In order of blood flow, the pulmonary arteries start as the pulmonary trunk that leaves the fibrous pericardium (parietal pericardium) of the ventricular outflow tract of right ventricle (also known as infundibulum or conus arteriosus. The outflow track runs superiorly and to the left, posterior to the pulmonary valve. The pulmonary trunk bifurcates into right and left pulmonary arteries below the arch of aorta and in front of the left main bronchus. Pulmonary trunk is short and wide – approximately 5 cm in length and 2 cm-3 cm in diameter.

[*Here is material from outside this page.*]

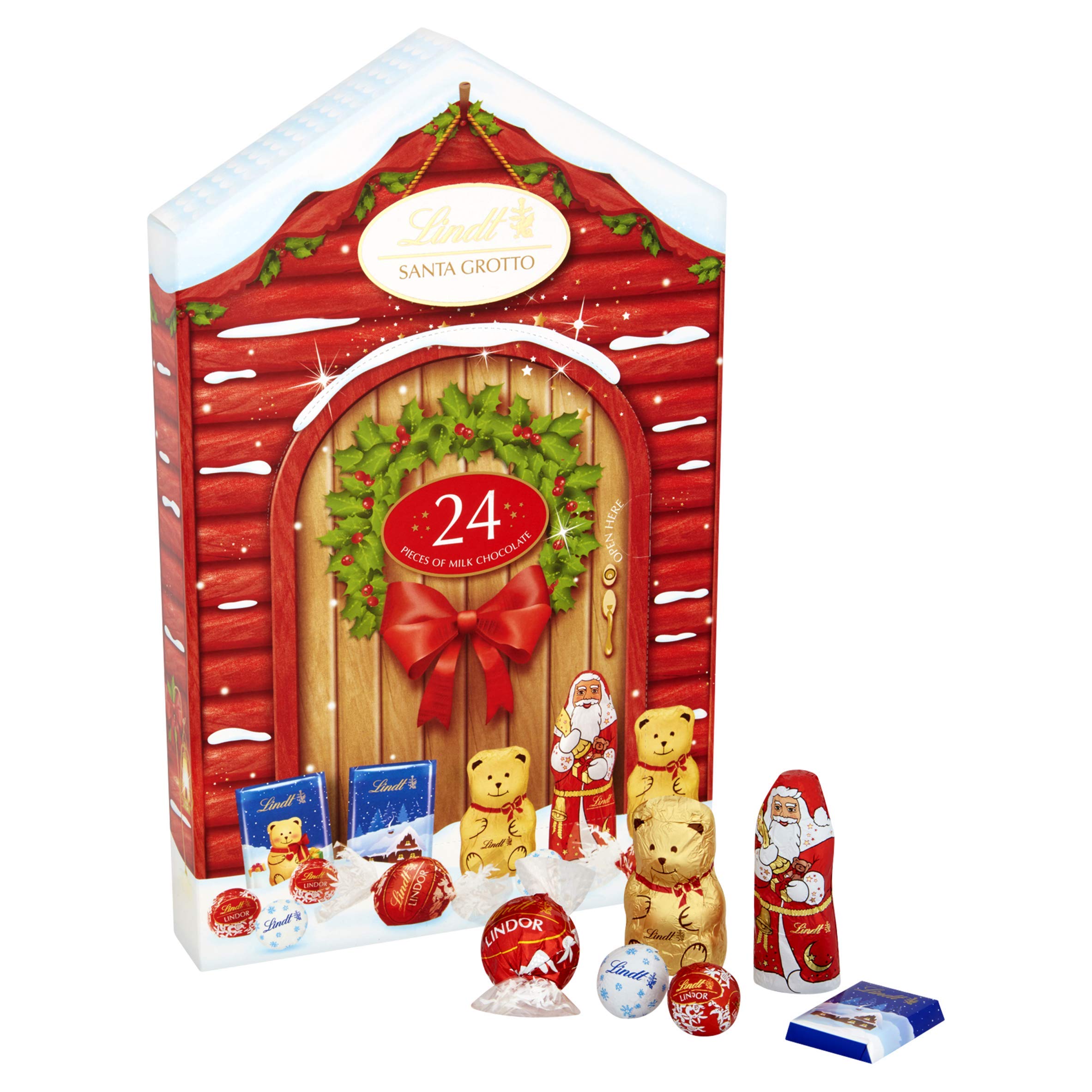 24 items of Lindt milk chocolate in an adorable Santa grotto field

The pulmonary trunk splits into the right and the left main pulmonary artery. The left main pulmonary artery is shorter than the right, passes behind and downwards the descending aorta and above the left main bronchus to the root of the left lung. Above, the left main pulmonary artery is connected to the concavity of the proximal descending aorta by the ligamentum arteriosum. The right pulmonary artery pass across the midline of the body, below the carina of trachea, and comes in front of the right main bronchus.

===Branches===

At the far end, pulmonary arteries (labelled at the bottom) become capillaries at the pulmonary alveoli.

The left main pulmonary artery then divides into two lobar arteries, one for each lobe of the left lung.

At the right root of the lung, it bifurcates into artery that supplies the right upper lobe of the lung, in front of the right upper lobe bronchus, and interlobar artery that supplies the right middle and inferior lobes of the lung, running together with bronchus intermedius.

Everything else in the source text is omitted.